> [SUPPLIED MATERIAL]:
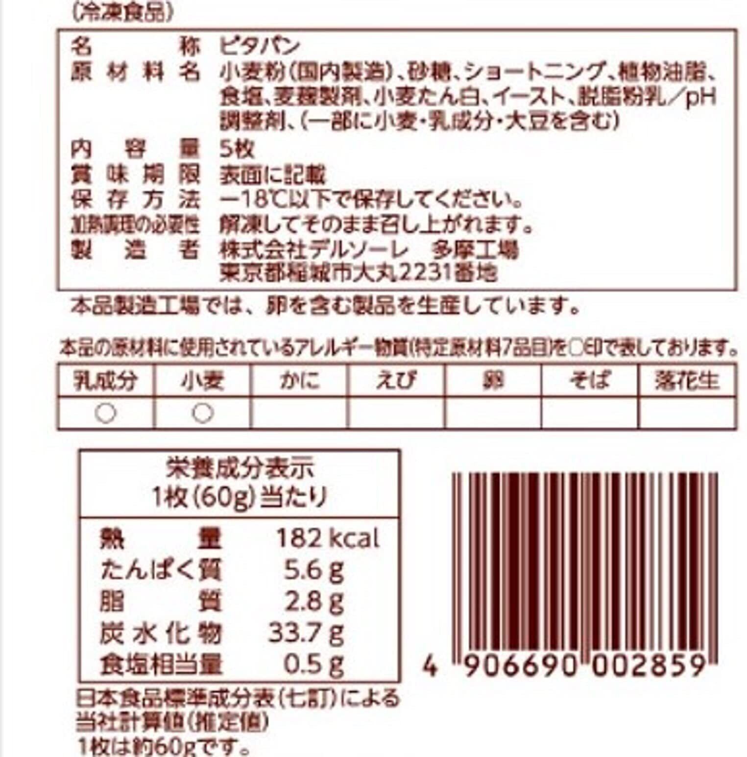 [冷凍] デルソーレ ピタパン 60G 5枚×2
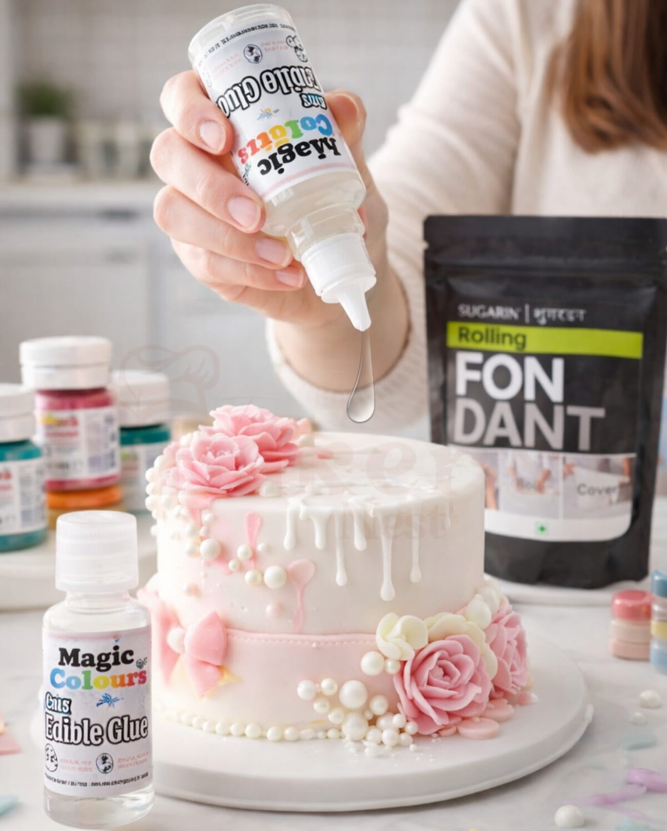 Magic Color Edible Glue 28g is a premium food-grade adhesive designed for secure and precise cake decoration. Its smooth formula provides strong yet safe bonding for fondant, gum paste, sugar flowers, and edible decorations. Perfect for assembling cake toppers and intricate designs with professional-quality finish.
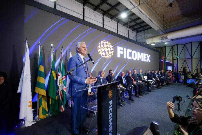 Governador Ronaldo Caiado participa de abertura da Feira Internacional de Comércio Exterior do Brasil Central, a Ficomex 2025 (Foto: Júnior Guimarães)
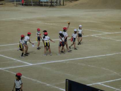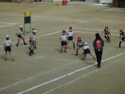 4時間目の運動場を覗くと3年生がタグラグビーをしていました。
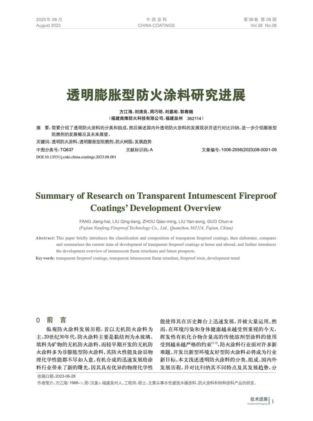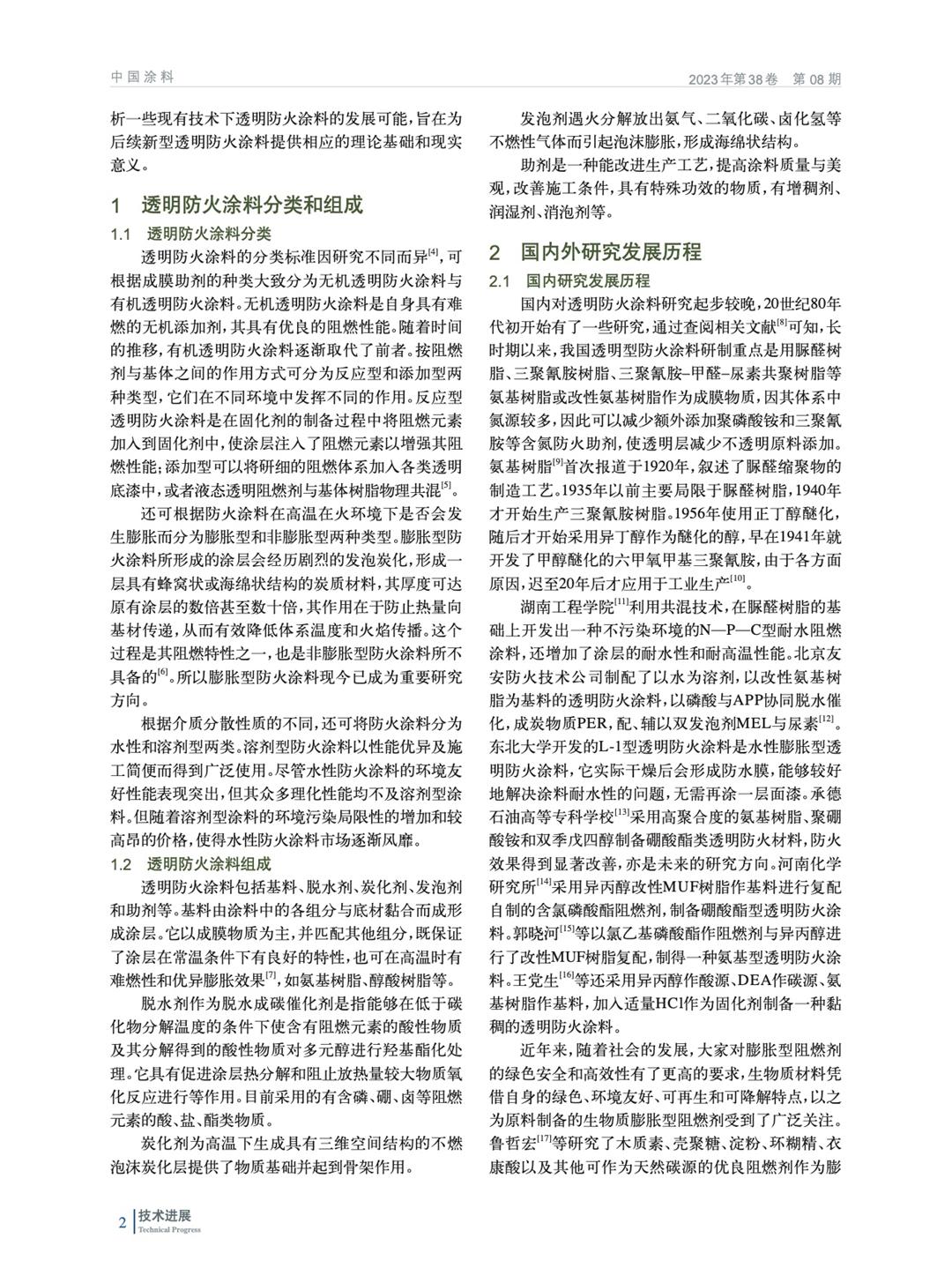 摘要:簡要介紹了透明防火涂料的分類和組成,然后闡述國內(nèi)外透明防火涂料的發(fā)展現(xiàn)狀并進行對比歸納,進一步介紹膨脹型阻燃劑的發(fā)展概況及未來展望。
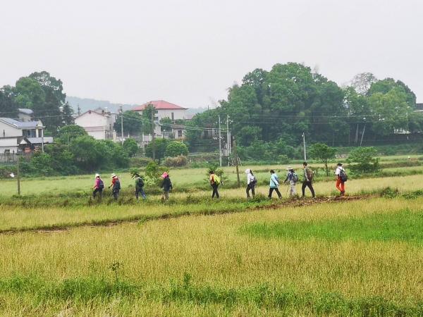 上山时树叶有水会洒在衣服上,地上松针落叶松松软软,一行人穿梭如织,浩浩荡荡在绿荫山间。

> [WHAT THE TASK ASKS]:
Within the listing above, find the line containing "Governador Ronaldo Caiado", then print it and every line after it exactly, leaving out pictures.

> [REPLY TO THE TASK]:
 Governador Ronaldo Caiado participa de abertura da Feira Internacional de Comércio Exterior do Brasil Central, a Ficomex 2025 (Foto: Júnior Guimarães)
 4時間目の運動場を覗くと3年生がタグラグビーをしていました。
 摘要:簡要介紹了透明防火涂料的分類和組成,然后闡述國內(nèi)外透明防火涂料的發(fā)展現(xiàn)狀并進行對比歸納,進一步介紹膨脹型阻燃劑的發(fā)展概況及未來展望。
 上山时树叶有水会洒在衣服上,地上松针落叶松松软软,一行人穿梭如织,浩浩荡荡在绿荫山间。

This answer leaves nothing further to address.